The story of the album is pushed to its limits with Kendrick’s tremendous acting skills. We begin the album perceiving Kendrick as an ignorant 16-year-old who easily falls to peer pressure, and has lustful desires.
As the album progresses and the story builds to its climax, we see Kendrick realizing his wrongs. For example, when Kendrick is gasping, and rapping in a frightened tone after almost getting shot in the track “M.A.A.D. City,” you begin to see a positive side to young Kendrick. He shows us what his life was like growing up beginning with a loud-mouthed Kendrick progressing to a calm and mature Kendrick that rap fans have grown to know over the past year. Kendrick stars in his short movie, and paints a vivid picture of what growing up in Compton was like for his audience .
Another trait that Kendrick brings to the table that sets this album apart from other rap albums is its simplicity. Kendrick shows us Compton in a relatable way. Simplicity has been something Kendrick has always incorporated in his rhymes, and for good reason. He wants to make an impact on the public with his verses. He doesn’t want people to think about deeper meanings, or try to decipher what he might be saying. He puts it all out there for us to hear, and for us to know that there is a different world that isn’t safe in our country.

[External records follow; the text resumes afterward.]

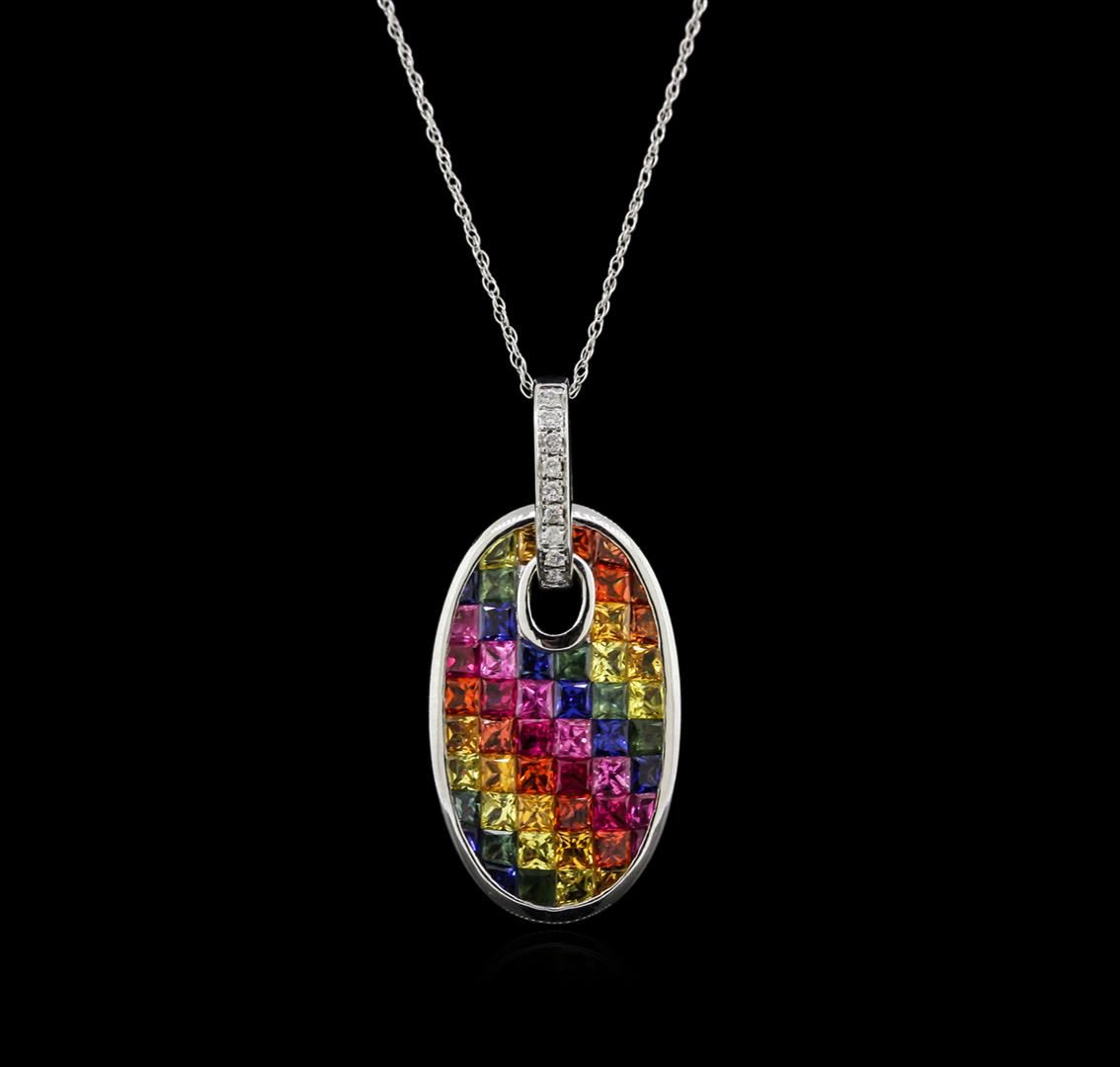 One pendant with chain featuring: 14KT white gold weighing 5.20 grams containing multi-colored sapphires with a total weight of 5.22ct and diamonds with a total weight of 0.06ct.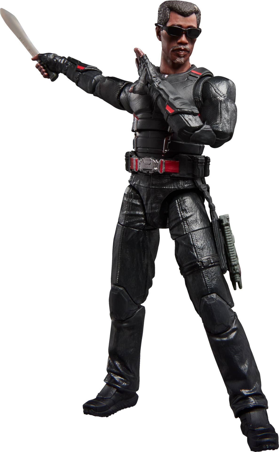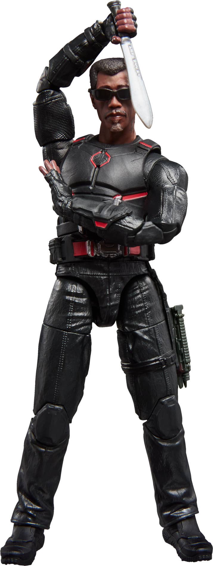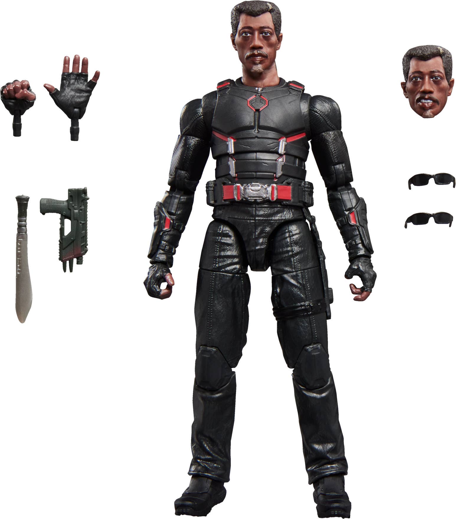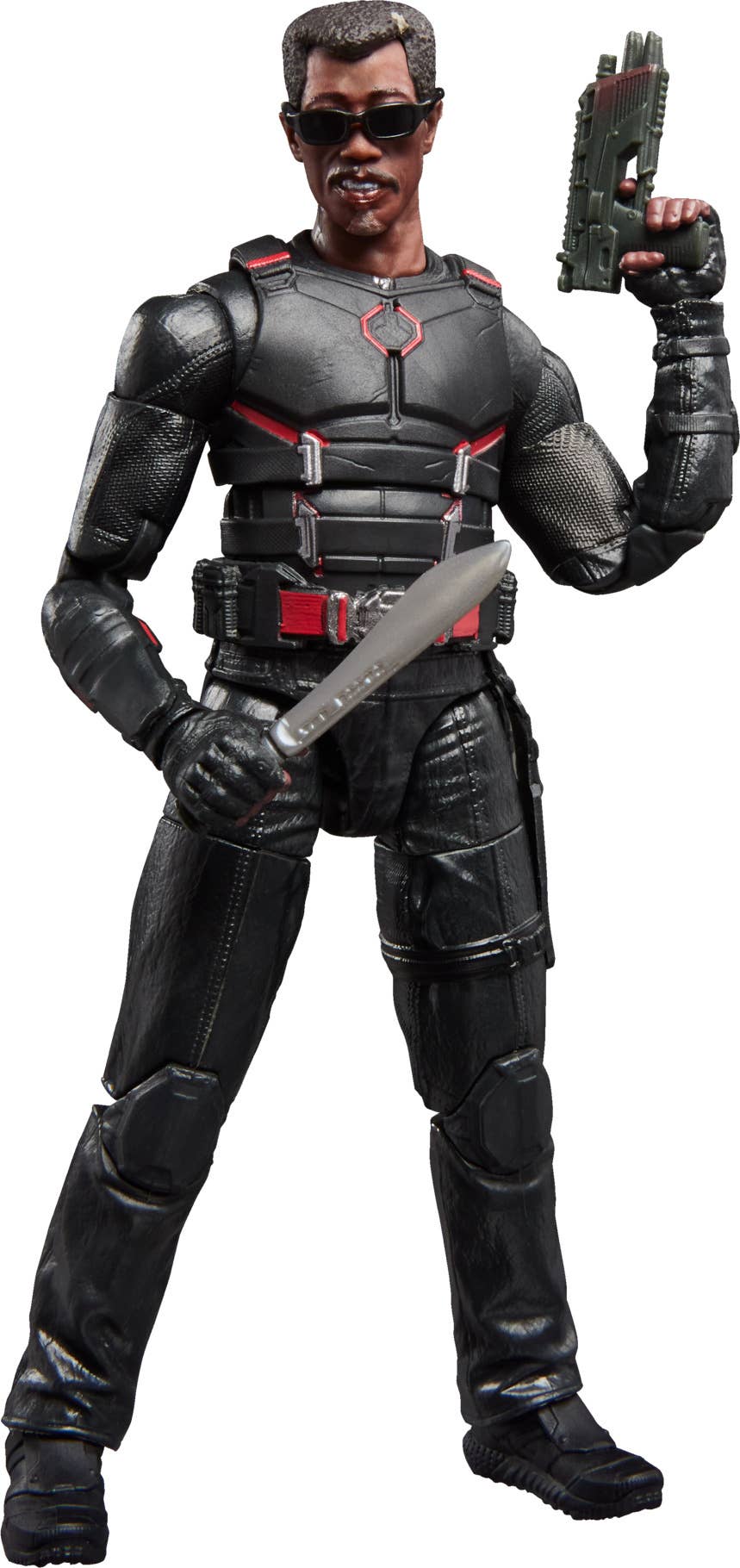 Blade from the 2024 film "Deadpool & Wolverine" joins the "Marvel Legends" action-figure series from Hasbro! The vampire hunter Blade is a formidable force as a founding member of the Resistance, thrown back into the fray after decades of isolation. His goal? To achieve a fitting end. This amazingly detailed action figure features more than 20 points of articulation for supreme posability -- he can even perform his trademark acrobatic kicks! He comes with two interchangeable heads, a pair of interchangeable hands, two pairs of sunglasses, his handgun, and his bladed weapon. Order him for your own collection today!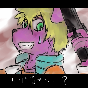 こんにちはー。 ぴんく色の犬さんと一緒に来ましたw ちょっとムービー風(?)に。 銃の表現って難しいですね。 あと金属光沢とかもですけど・・・。 何に対しての「いけるか…?」は想像で(ぇ それではー。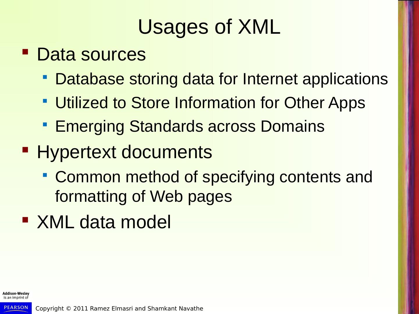 15 .Usages of XML Data sources Database storing data for Internet applications Utilized to Store Information for Other Apps Emerging Standards across Domains Hypertext documents Common method of specifying contents and formatting of Web pages XML data model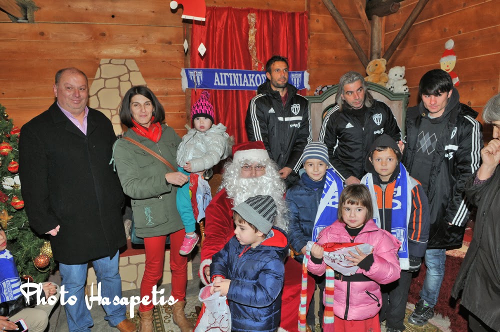 Αφού πρώτα οι οικοδεσπότες κέρασαν με διάφορα εδέσματα την ομάδα, στη συνέχεια οι παίκτες του Αιγινιακού, έγιναν αντικείμενο θερμών εκδηλώσεων από μικρούς φίλους με τους οποίους φωτογραφήθηκαν, ενώ αμέσως μετά μοίρασαν δώρα σε όλα τα παιδιά παρουσία του Αγίου Βασίλη,. Βέβαια, θα πρέπει να σημειωθεί ότι η αντιδήμαρχος Αθλητισμού του δήμου, κ.Ξανθούλα Βασιλειάδου, έκανε τις καθιερωμένες ευχές αφού ευχαρίστησε την ομάδα του Αιγινιακού για την παρουσία της, της ευχήθηκε πάντα επιτυχίες τονίζοντας, ότι η πορεία της κάνει περήφανους όλους του Αιγινιώτες, ενώ έδωσε και στον πρόεδρο της Π.Α.Ε. κ.Καρανικόλα Γιώργο ένα δώρο στο πνεύμα των ημερών. Από τη πλευρά του ο κ.Καρανικόλας ευχαρίστησε την αντιδήμαρχο για την πρόσκληση, αναφέροντας ότι όλοι οι ποδοσφαιριστές παραβρέθηκαν με πολύ μεγάλη διάθεση και αντάλλαξε ευχές για τις γιορτές των Χριστουγέννων. Έπειτα, αντιπροσωπεία των ποδοσφαιριστών μοίρασε δώρα στα παιδάκια, τα οποία φωτογραφηθήκαν με τα ινδάλματα τους και έφυγαν απόλυτα ικανοποιημένα .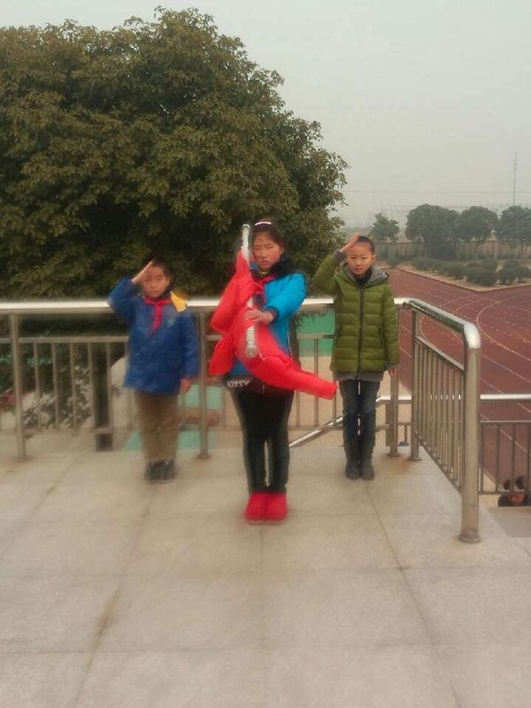 四(3)中队旗手、护旗手事迹 旗手:葛雪(照片中)     他是一个活泼可爱的女孩,在班中担任中队长,是老师的得力助手,老师不在时经常把班级管理的井井有条。在家中也是父母的贴心小棉袄。曾获得“全面发展好学生”“数学大王”等荣誉称号。 护旗手:王静(照片左)     她是一个才思敏捷的小女孩,在班中担任副中队长、英语课代表,也是老师的小助手。她兴趣爱好广泛,如:画画、折纸、书法等。她曾多次获得“全面发展好学生”“四好少年”等荣誉称号。       护旗手:毛振宇(照片右)      他是一个活泼开朗的小男孩,兴趣爱好广泛,如:写毛笔字、弹电子琴等。他特别喜欢弹电子琴,在这方面还获得过“小小演奏家”的奖状。他曾多次获得“全面发展好学生”“四好少年”等荣誉称号。

Kendrick flawlessly shows us the turmoil of growing up in Compton, or any city like it, through his detailed stories and simple lyrics. And he does all this in an entertaining way. When “Compton” plays at the end, it feels like the credits of a Hollywood movie beginning to roll symbolizing the end of a work of art. That’s exactly what this album is. A work of art that shows us what it’s like to be a good kid in a mad city.
Favorite track: “Sing For Me/I’m Dying of Thirst.” Least favorite track: None of them.